### Work order
When you copy the listing, reproduce each line as it appears and omit every image.
BEGIN Data supplied
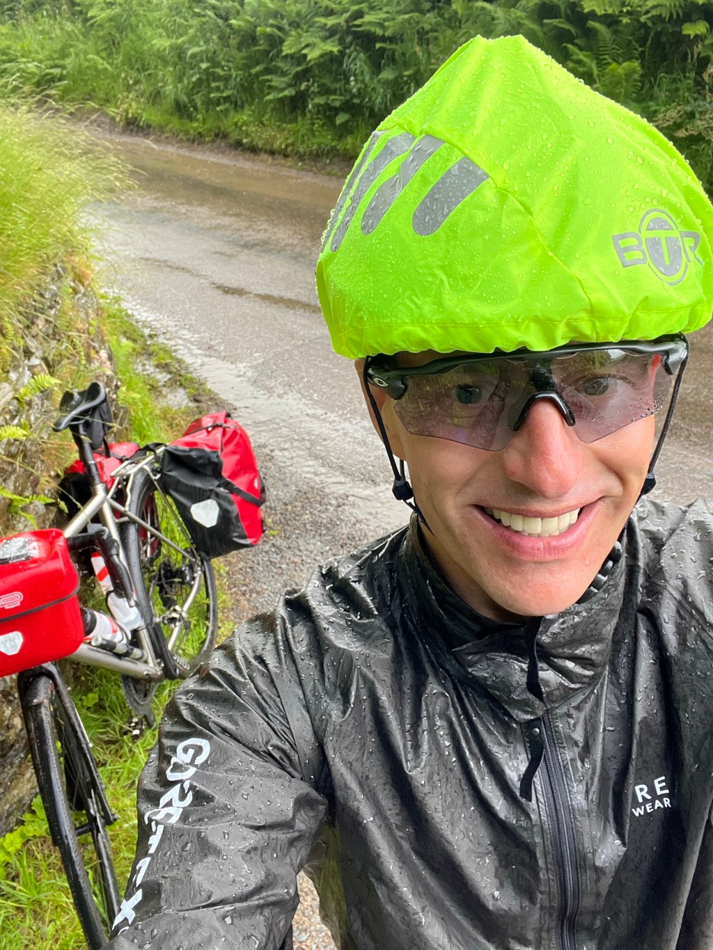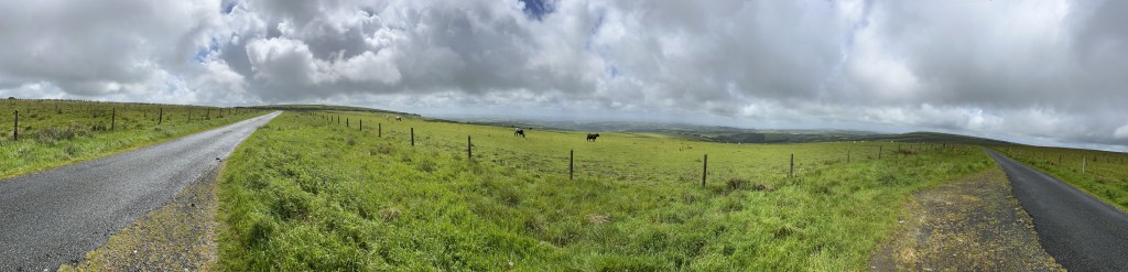 Eventually I found the way out of Barnstaple and started the longest climb so far to the peaks of Exmoor. Whilst the climb was hard, it was made a bit more interesting when the heavens opened in a Singapore style series of downpours. This meant that my waterproofs were on, then off, then on again, whilst trying to negotiate a seriously long climb. Still – it took my mind off the hill. A lovely, straight forward pub lunch (the Bridge Inn, Dullerton) was just the ticket to restore some energy and chat with friendly faces after miles and miles with only sheep and cows.
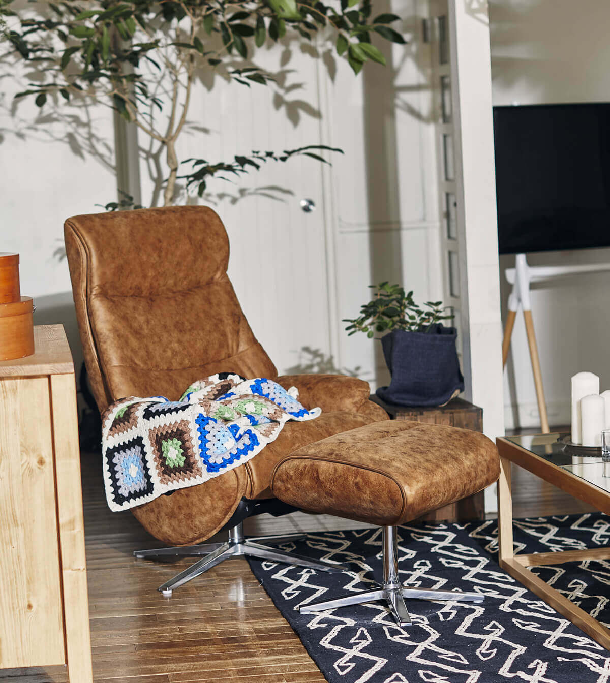オットマン付きなので脚も伸ばせてゆったりリラックス。
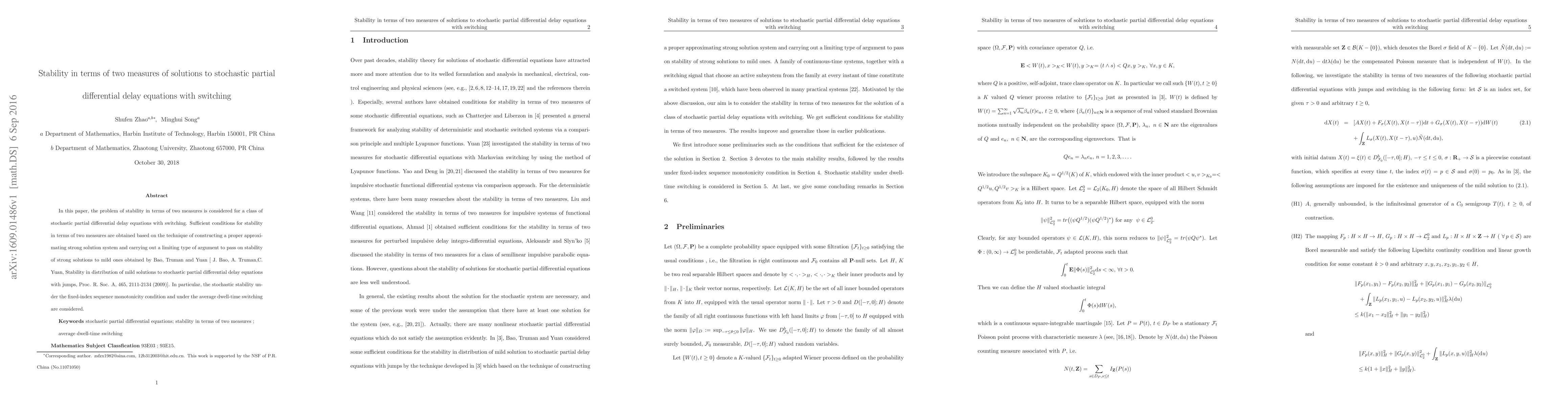This paper investigates stability in terms of two measures for stochastic partial differential delay equations with switching. Sufficient conditions for stability are derived using a strong solution system and a limiting argument, focusing on stochastic stability under fixed-index sequence monotonicity and average dwell-time switching.
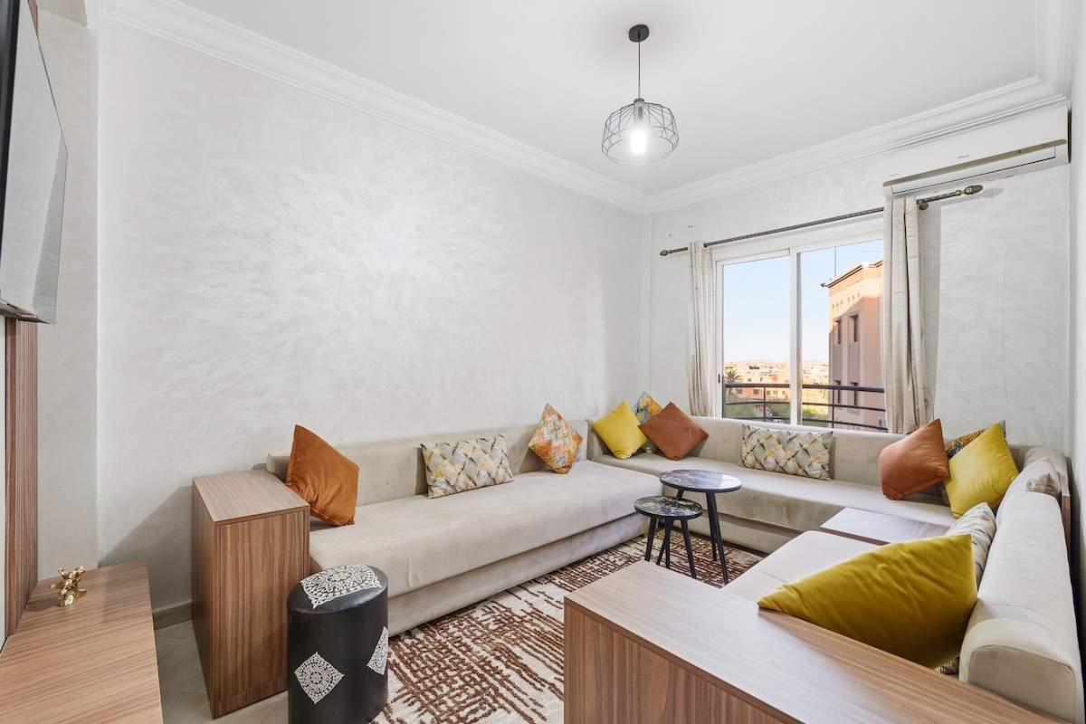 Selamat datang di apartemen menawan kami di jantung Vibrant Gueliz ✓ Terletak di pusat kota (5 menit berjalan kaki ke Carre Eden dan 20 menit ke Jamaa El Fna Place) ✓ Dekat dengan semua kebutuhan (restoran - toko...) ✓ Dilengkapi dengan semua utilitas penting untuk masa inap yang menyenangkan (Sepenuhnya dapur lengkap, Wi - Fi berkecepatan tinggi, perlengkapan tempat tidur berkualitas...) ✓ Sangat cocok untuk masa inap jangka pendek dan panjang, Anda akan menikmati kenyamanannya dan kenyamanan untuk mengunjungi kota Ochre di Marrakesh!
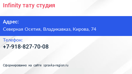 Infinity, тату-студия по адресу Северная Осетия, Владикавказ, Кирова, 74 в дальнейшем Организация, размещена в следующих категориях:
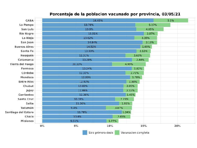 De acuerdo al informe, en Río Negro la vacunación contra el COVID-19 llegó al 17,08% de la población objetivo. Se ubica en cuarto lugar, solo por debajo de CABA (21,5%), La Pampa (18,8%) y San Luis (18,4%).
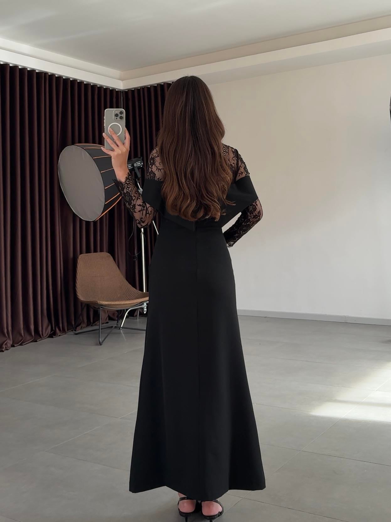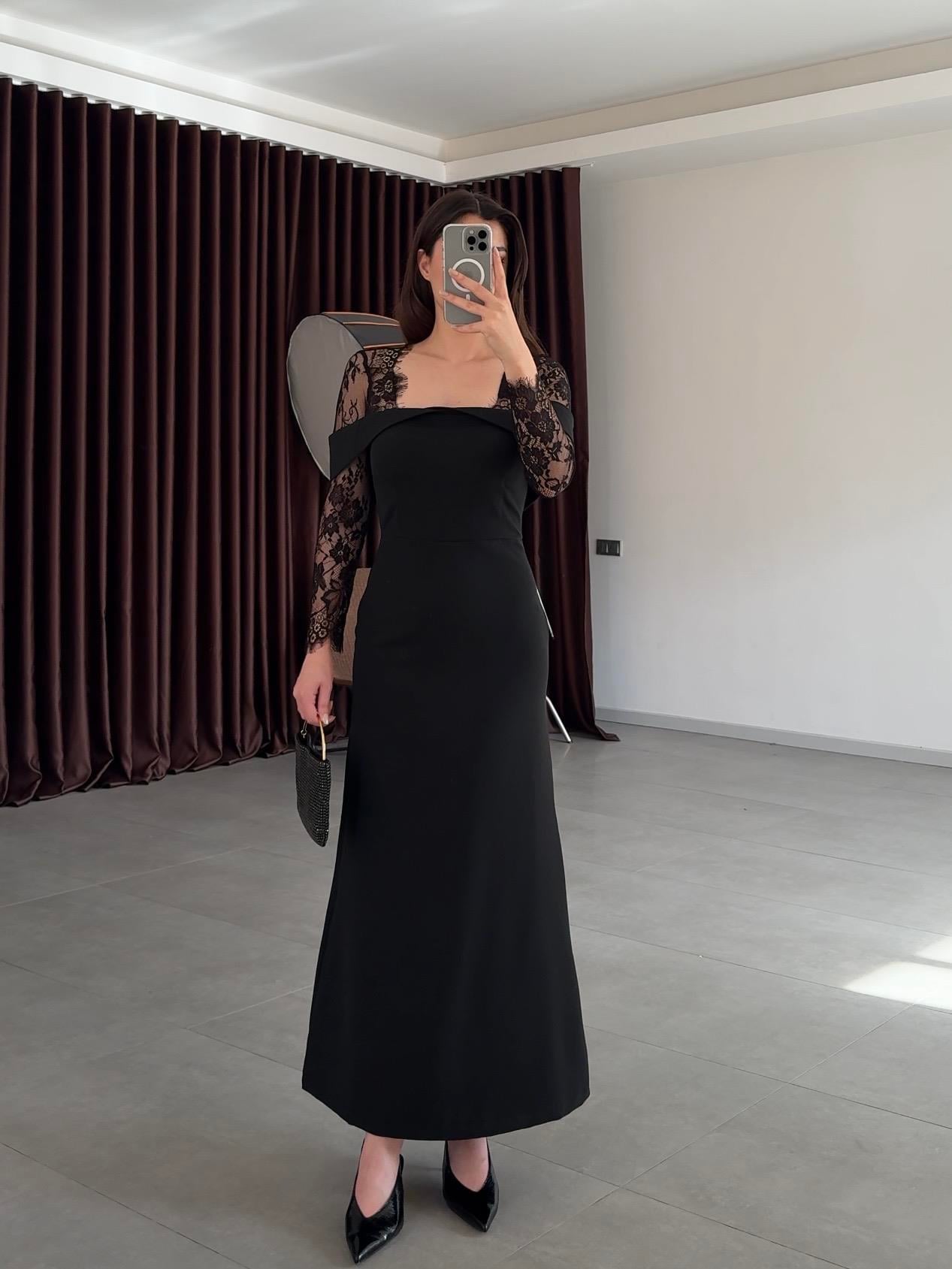 Kayık Yaka Kolları Dantelli Elbise- Siyah
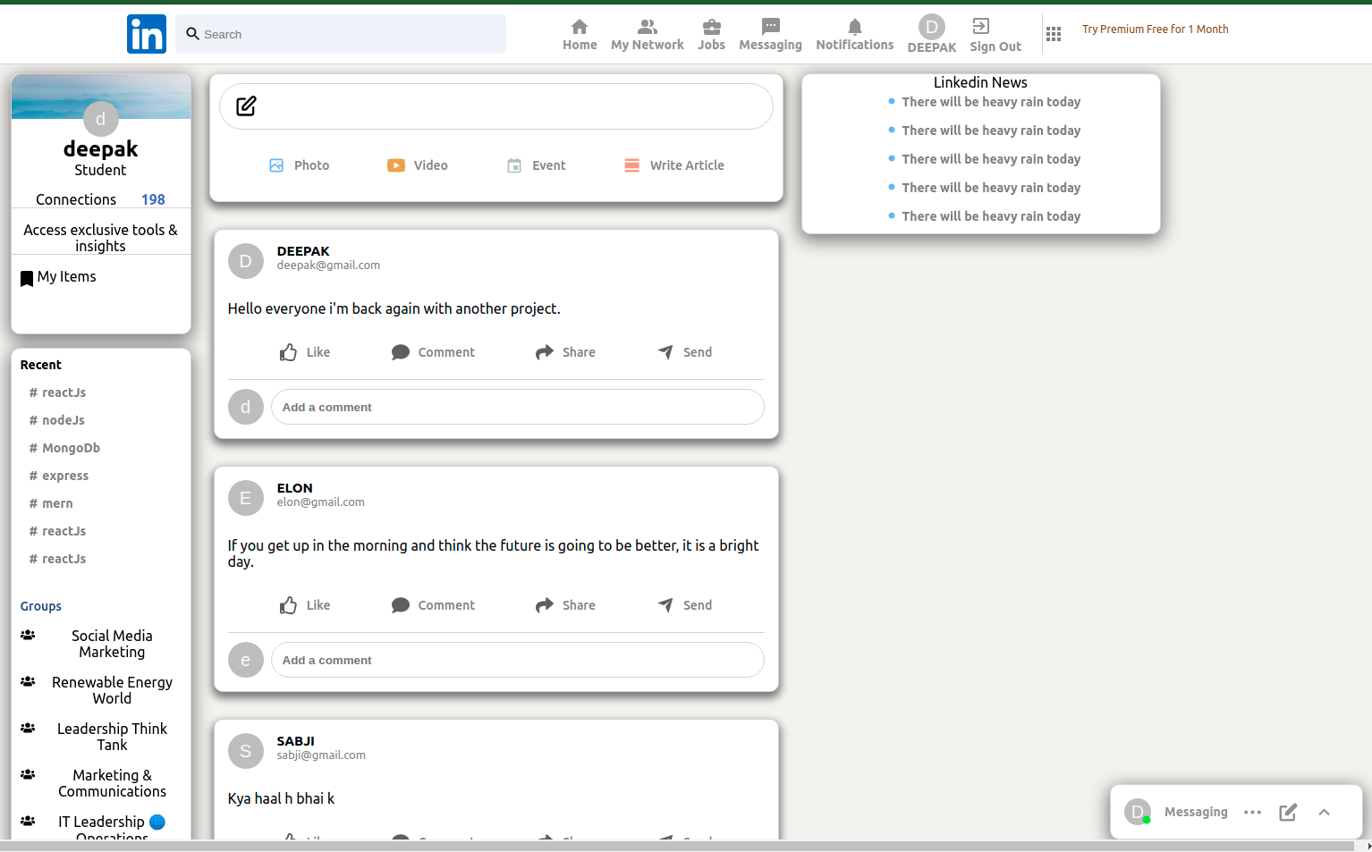 My name is Deepak Kaushal .I have done my Engineering in Computer Science. I am a Full Stack Engineer 🧑🏻💻 having experience with technologies like React,Nodejs,Express,MongoDB,PostgreSQL,Git,etc.I enjoy exploring new technologies & building things from scratch 🏗️.These days I'm working on Full Stack projects. You'll find 🔭 all my projects or any information about me on this website.
END Data supplied
### Answer section
 Eventually I found the way out of Barnstaple and started the longest climb so far to the peaks of Exmoor. Whilst the climb was hard, it was made a bit more interesting when the heavens opened in a Singapore style series of downpours. This meant that my waterproofs were on, then off, then on again, whilst trying to negotiate a seriously long climb. Still – it took my mind off the hill. A lovely, straight forward pub lunch (the Bridge Inn, Dullerton) was just the ticket to restore some energy and chat with friendly faces after miles and miles with only sheep and cows.
オットマン付きなので脚も伸ばせてゆったりリラックス。
This paper investigates stability in terms of two measures for stochastic partial differential delay equations with switching. Sufficient conditions for stability are derived using a strong solution system and a limiting argument, focusing on stochastic stability under fixed-index sequence monotonicity and average dwell-time switching.
 Selamat datang di apartemen menawan kami di jantung Vibrant Gueliz ✓ Terletak di pusat kota (5 menit berjalan kaki ke Carre Eden dan 20 menit ke Jamaa El Fna Place) ✓ Dekat dengan semua kebutuhan (restoran - toko...) ✓ Dilengkapi dengan semua utilitas penting untuk masa inap yang menyenangkan (Sepenuhnya dapur lengkap, Wi - Fi berkecepatan tinggi, perlengkapan tempat tidur berkualitas...) ✓ Sangat cocok untuk masa inap jangka pendek dan panjang, Anda akan menikmati kenyamanannya dan kenyamanan untuk mengunjungi kota Ochre di Marrakesh!
 Infinity, тату-студия по адресу Северная Осетия, Владикавказ, Кирова, 74 в дальнейшем Организация, размещена в следующих категориях:
 De acuerdo al informe, en Río Negro la vacunación contra el COVID-19 llegó al 17,08% de la población objetivo. Se ubica en cuarto lugar, solo por debajo de CABA (21,5%), La Pampa (18,8%) y San Luis (18,4%).
 Kayık Yaka Kolları Dantelli Elbise- Siyah
 My name is Deepak Kaushal .I have done my Engineering in Computer Science. I am a Full Stack Engineer 🧑🏻💻 having experience with technologies like React,Nodejs,Express,MongoDB,PostgreSQL,Git,etc.I enjoy exploring new technologies & building things from scratch 🏗️.These days I'm working on Full Stack projects. You'll find 🔭 all my projects or any information about me on this website.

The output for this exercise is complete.